**Given information:**
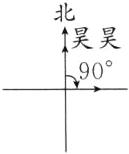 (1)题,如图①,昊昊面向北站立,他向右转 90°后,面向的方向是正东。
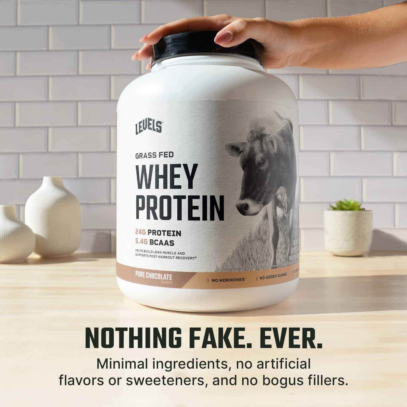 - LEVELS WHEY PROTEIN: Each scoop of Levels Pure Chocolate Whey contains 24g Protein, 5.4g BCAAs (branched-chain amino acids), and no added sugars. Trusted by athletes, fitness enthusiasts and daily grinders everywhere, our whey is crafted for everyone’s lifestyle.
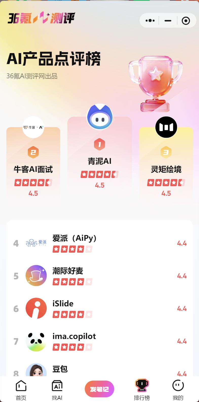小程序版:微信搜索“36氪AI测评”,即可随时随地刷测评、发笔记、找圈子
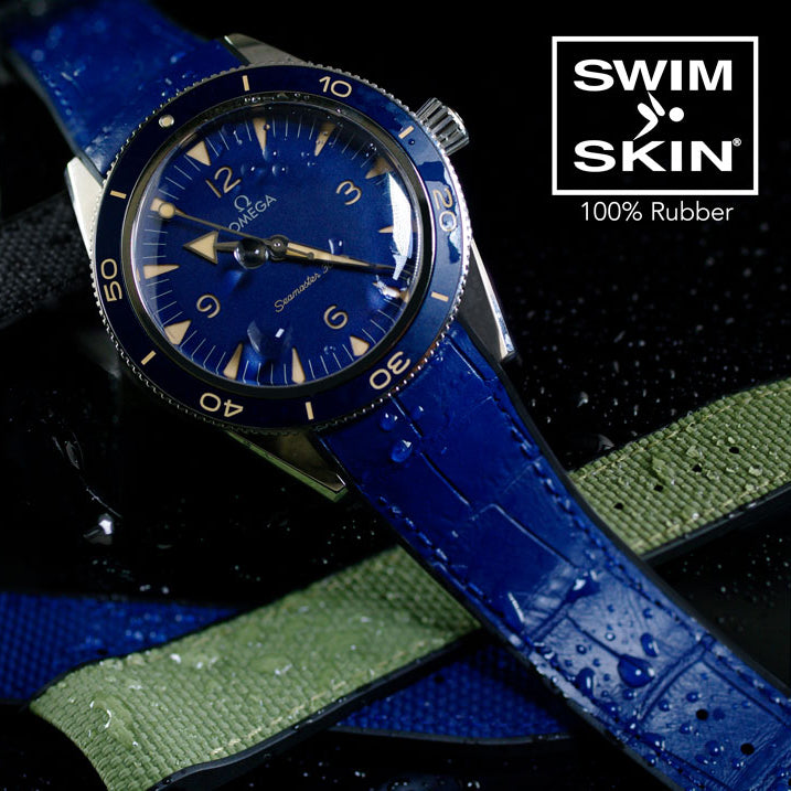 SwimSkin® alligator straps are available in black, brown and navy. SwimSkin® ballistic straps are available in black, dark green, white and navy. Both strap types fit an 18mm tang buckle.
* * *
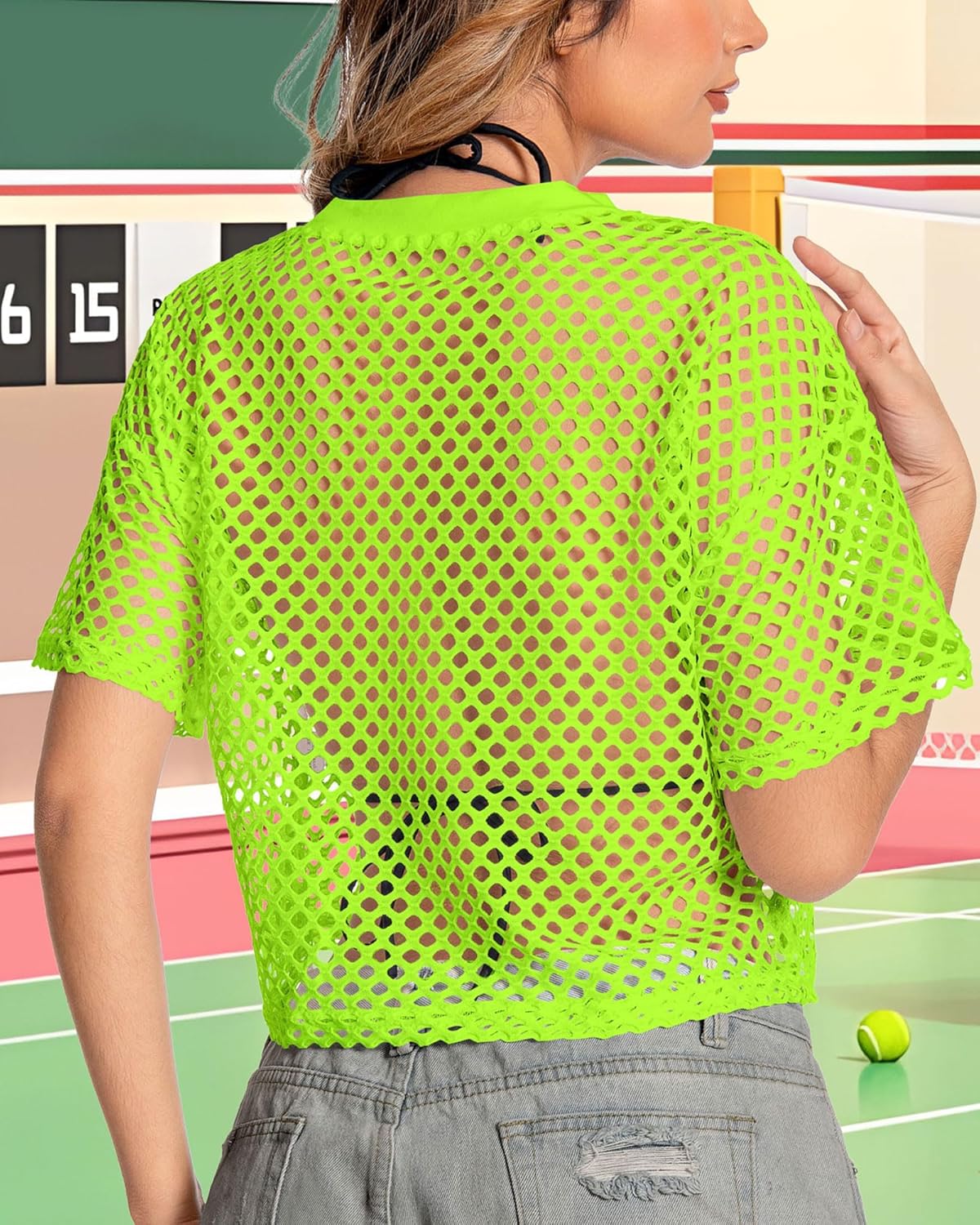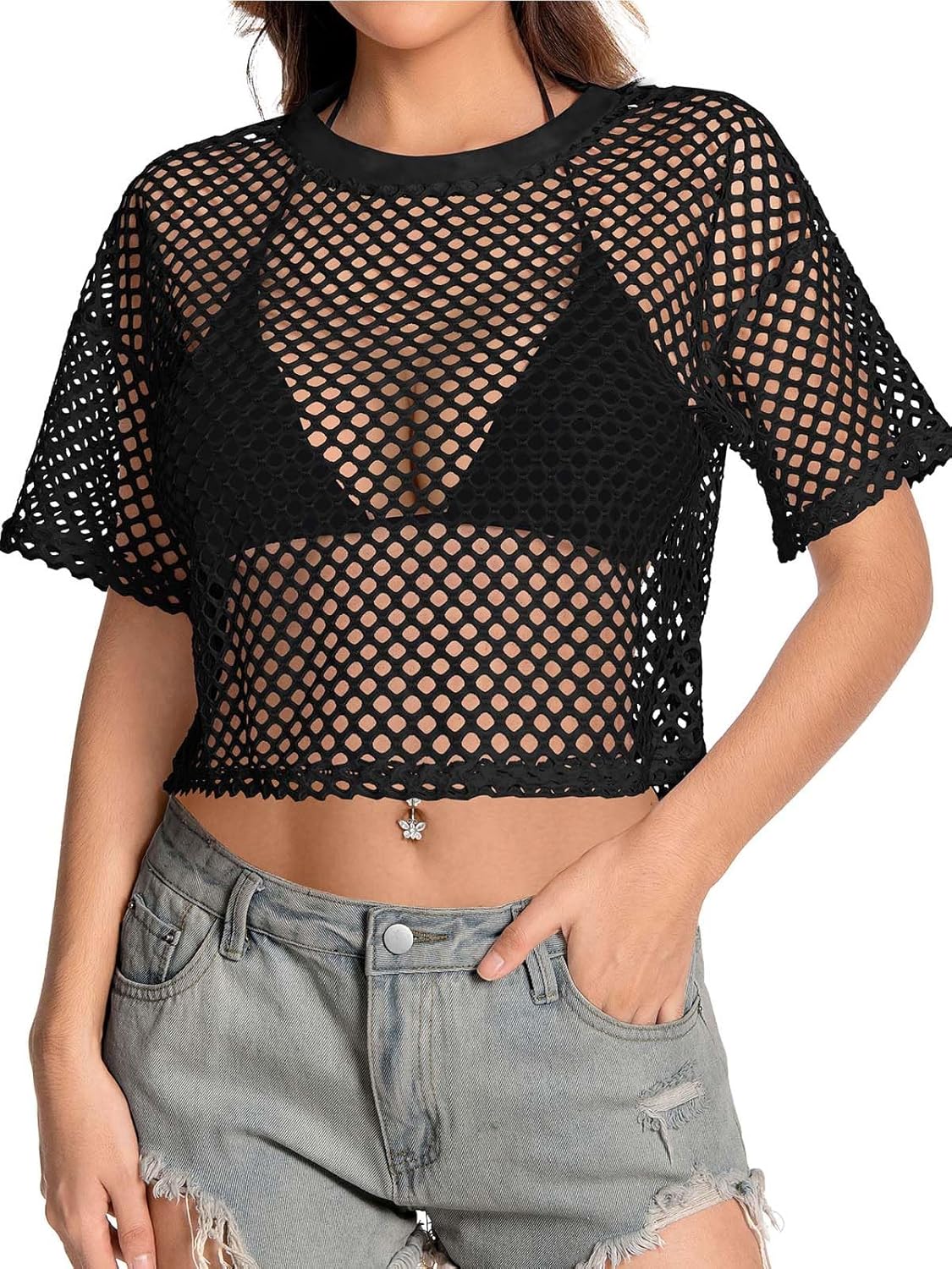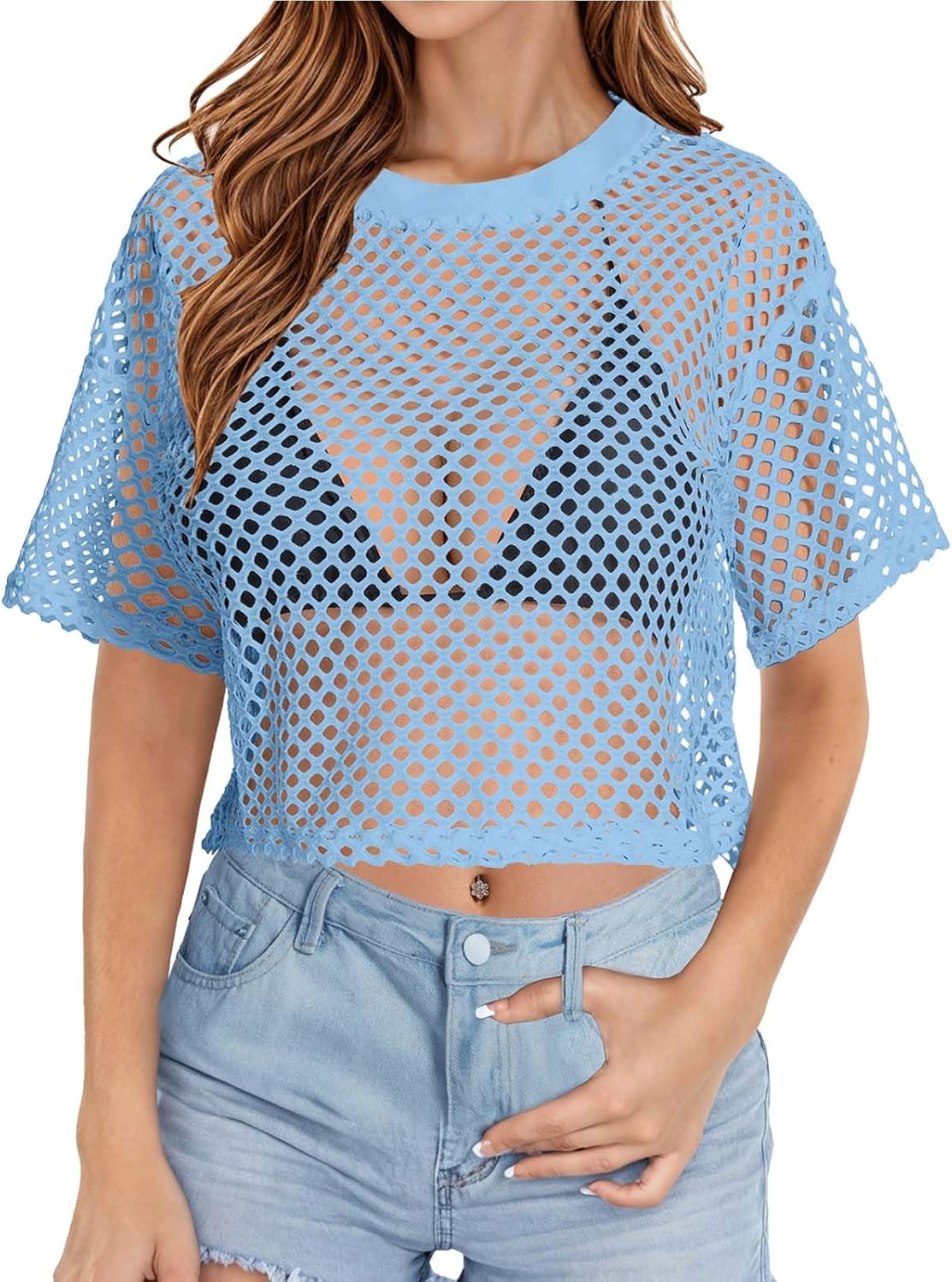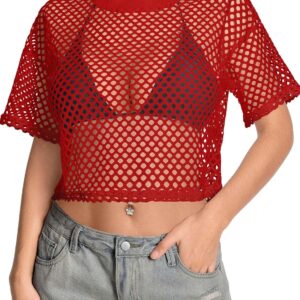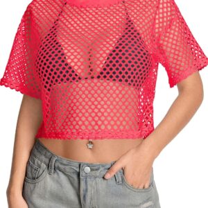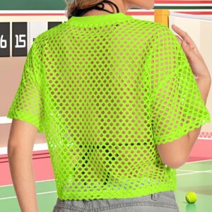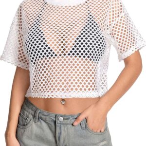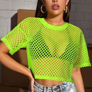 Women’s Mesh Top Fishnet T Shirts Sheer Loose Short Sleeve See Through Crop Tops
...
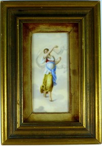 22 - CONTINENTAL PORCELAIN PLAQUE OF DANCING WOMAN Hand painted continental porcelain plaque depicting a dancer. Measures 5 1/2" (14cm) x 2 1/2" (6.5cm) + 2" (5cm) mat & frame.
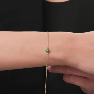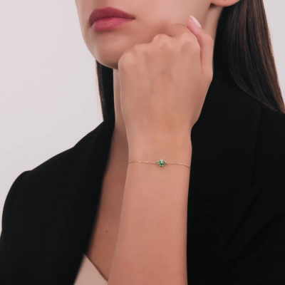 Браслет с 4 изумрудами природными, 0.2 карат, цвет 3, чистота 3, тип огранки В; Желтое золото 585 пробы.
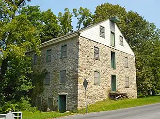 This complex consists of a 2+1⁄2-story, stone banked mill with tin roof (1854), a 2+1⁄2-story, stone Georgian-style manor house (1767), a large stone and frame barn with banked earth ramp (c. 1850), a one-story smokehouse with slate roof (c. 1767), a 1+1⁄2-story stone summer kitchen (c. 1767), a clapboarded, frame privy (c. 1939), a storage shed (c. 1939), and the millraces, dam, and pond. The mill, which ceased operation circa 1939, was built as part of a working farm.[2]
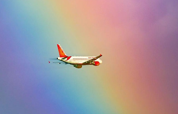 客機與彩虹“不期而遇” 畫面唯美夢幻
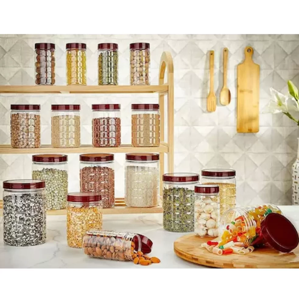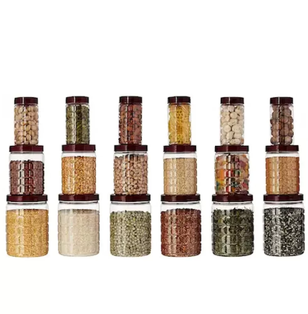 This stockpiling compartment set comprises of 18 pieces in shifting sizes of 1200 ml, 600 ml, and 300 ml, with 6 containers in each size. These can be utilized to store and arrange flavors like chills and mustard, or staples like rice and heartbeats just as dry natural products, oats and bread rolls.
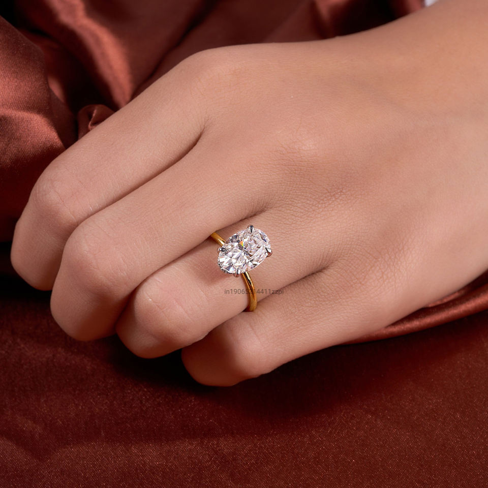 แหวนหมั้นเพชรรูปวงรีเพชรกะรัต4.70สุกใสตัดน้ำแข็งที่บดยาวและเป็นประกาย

**Exercise brief:** Please output, exactly as written, the lines above from the one holding "Браслет с 4" through the one holding "แหวนหมั้นเพชรร", both included, with the pictures omitted.

**Exercise solution:**
 Браслет с 4 изумрудами природными, 0.2 карат, цвет 3, чистота 3, тип огранки В; Желтое золото 585 пробы.
 This complex consists of a 2+1⁄2-story, stone banked mill with tin roof (1854), a 2+1⁄2-story, stone Georgian-style manor house (1767), a large stone and frame barn with banked earth ramp (c. 1850), a one-story smokehouse with slate roof (c. 1767), a 1+1⁄2-story stone summer kitchen (c. 1767), a clapboarded, frame privy (c. 1939), a storage shed (c. 1939), and the millraces, dam, and pond. The mill, which ceased operation circa 1939, was built as part of a working farm.[2]
 客機與彩虹“不期而遇” 畫面唯美夢幻
 This stockpiling compartment set comprises of 18 pieces in shifting sizes of 1200 ml, 600 ml, and 300 ml, with 6 containers in each size. These can be utilized to store and arrange flavors like chills and mustard, or staples like rice and heartbeats just as dry natural products, oats and bread rolls.
 แหวนหมั้นเพชรรูปวงรีเพชรกะรัต4.70สุกใสตัดน้ำแข็งที่บดยาวและเป็นประกาย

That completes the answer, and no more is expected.